Roshan Varadarajan: How do you think about direct versus indirect distribution, especially when you’re looking to serve hundreds or thousands of universities and then adding travel endpoints and healthcare systems?

Cosmin Pitigoi: Our go-to-market is both direct in channel and through channel partners. We have relationships with banks and others such as ERP providers who are also supporting our customers and those providers have us as a feature. For example, Ellucian, the campus payment system, offers us as one of their preferred providers. So those channel partners help us scale up the go-to-market function. And we also have a mix of specialist sales professionals, who have built those relationships long-term with those schools. But we also use generalists who understand the education business well enough.

The way to scale the direct part is that you’re helping customers understand the savings from the automation, and that doesn’t take a lot of people to do. You can just say, “Here are the best practices from these other universities, and you can follow what they’ve done. If you have a question, call us, or maybe talk to one of our chatbots.” So you can see how you get to the point where you can almost say, “Look, you can save $300,000 and move faster by reconciling all your payments with this.”

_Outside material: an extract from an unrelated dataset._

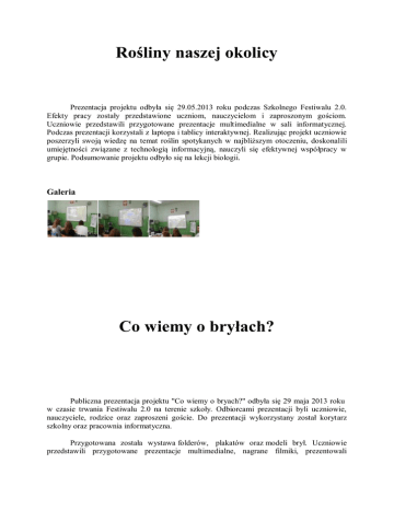 Rośliny naszej okolicy Prezentacja projektu odbyła się 29.05.2013 roku podczas Szkolnego Festiwalu 2.0. Efekty pracy zostały przedstawione uczniom, nauczycielom i zaproszonym gościom. Uczniowie przedstawili przygotowane prezentacje multimedialne w sali informatycznej. Podczas prezentacji korzystali z laptopa i tablicy interaktywnej. Realizując projekt uczniowie poszerzyli swoją wiedzę na temat roślin spotykanych w najbliższym otoczeniu, doskonalili umiejętności związane z technologią informacyjną, nauczyli się efektywnej współpracy w grupie. Podsumowanie projektu odbyło się na lekcji biologii. Galeria Co wiemy o bryłach? Publiczna prezentacja projektu "Co wiemy o bryach?" odbyła się 29 maja 2013 roku w czasie trwania Festiwalu 2.0 na terenie szkoły. Odbiorcami prezentacji byli uczniowie, nauczyciele, rodzice oraz zaproszeni goście. Do prezentacji wykorzystany został korytarz szkolny oraz pracownia informatyczna. Przygotowana została wystawa folderów, plakatów oraz modeli brył. Uczniowie przedstawili przygotowane prezentacje multimedialne, nagrane filmiki, prezentowali doświadczalnie odpowiedź na pytanie: Jak powstają bryły obrotowe? W związku z prezentacją wykorzystali narzędzia TIK: laptopy, projektor, tablicę interaktywną. Przygotowując sie do prezentacji projektu na szkolnym Festiwalu 2.0 uczniowie wykazali się umiejętnością prezentacji wyników własnej pracy, biegłego posługiwania się narzędziami TIK oraz współpracy w grupie. Galeria "Nie tylko mózg chodzi do szkoły" Podsumowanie realizowanego projektu odbyło się 29 maja 2013r. Efekty długoterminowej pracy zostały zaprezentowane: uczniom, nauczycielom, rodzicom i zaproszonym gościom. Prezentacja projektu została przeprowadzona na górnym korytarzu i w sali informatycznej Gimnazjum nr 1 w Kłodawie. Uczniowie przygotowali wystawę pt.: „Nie tylko mózg chodzi do szkoły”. Przedstawili: przygotowane prezentacje multimedialne i filmiki nakręcone przez siebie, wykonane broszurki z różnymi ciekawymi przepisami, plakaty tematyczne itp. Uczniowie podczas prezentacji projektu korzystali z różnych narzędzi TIK m. in.: projektora, laptopów, aparatów fotograficznych, które uatrakcyjniły zajęcia. Gimnazjaliści prezentując projekt wykazali się: Umiejętnościami prezentowania własnych osiągnięć kulinarnych, dając świadectwo, że potrafią dokonać wiele pożytecznych i dobrych rzeczy, jeżeli zostaną właściwie zmobilizowani i uzyskają właściwą pomoc. Pomysłowością i fantazją podczas przygotowywania wystaw na szkolnym korytarzu: - „Nietypowa zastawa stołowa” - wystawa zastawy stołowej. - „Broszurki z przepisami” – wystawa broszurek z przepisami kulinarnymi. - „W zdrowym ciele zdrowy duch” – wystawa plakatów. Umiejętnościami sprawnego posługiwania się komputerem podczas pokazu prezentacji multimedialnych i filmików. Umiejętnościami współpracy w grupie i skutecznego komunikowania się planowania i organizowania wystawy własnych prac. Galeria

Roshan Varadarajan: Let’s switch gears and talk about you. You’ve held just about every role one can hold in a finance organization over the last 25 years or so, including many years at PayPal and earlier at eBay and E-Trade. Can you share a little bit more about how you think about the role of the finance organization in companies and the role of finance professionals within that?

Cosmin Pitigoi: What I love about finance is that you can be that central nervous system that sits behind every other function and brings everyone together because of the way finance operates. But for that to happen, you need a finance team that has the mindset of “We’re one team. We collaborate together, and we help everyone else be better and stay aligned, whether the product team is talking to the marketing team or to the sales team.” But for that to work, you need to be able to communicate the finance story, and that is the reason why I talk about both balancing the storytelling and understanding the data. You always have to be both, and that’s actually a hard combination of talent to find in finance. You need people who can do deep data analytics, understand the customer and the business, and at the same time actually tell the story. That’s especially true in my role as CFO of a public company. Even though I have a million numbers in my head, how do you simplify it to illustrate how software drives value in payments?

Roshan Varadarajan: Cosmin, thank you so much for taking the time to speak with us.

Cosmin Pitigoi: Well, thank you so much. I appreciate your having me.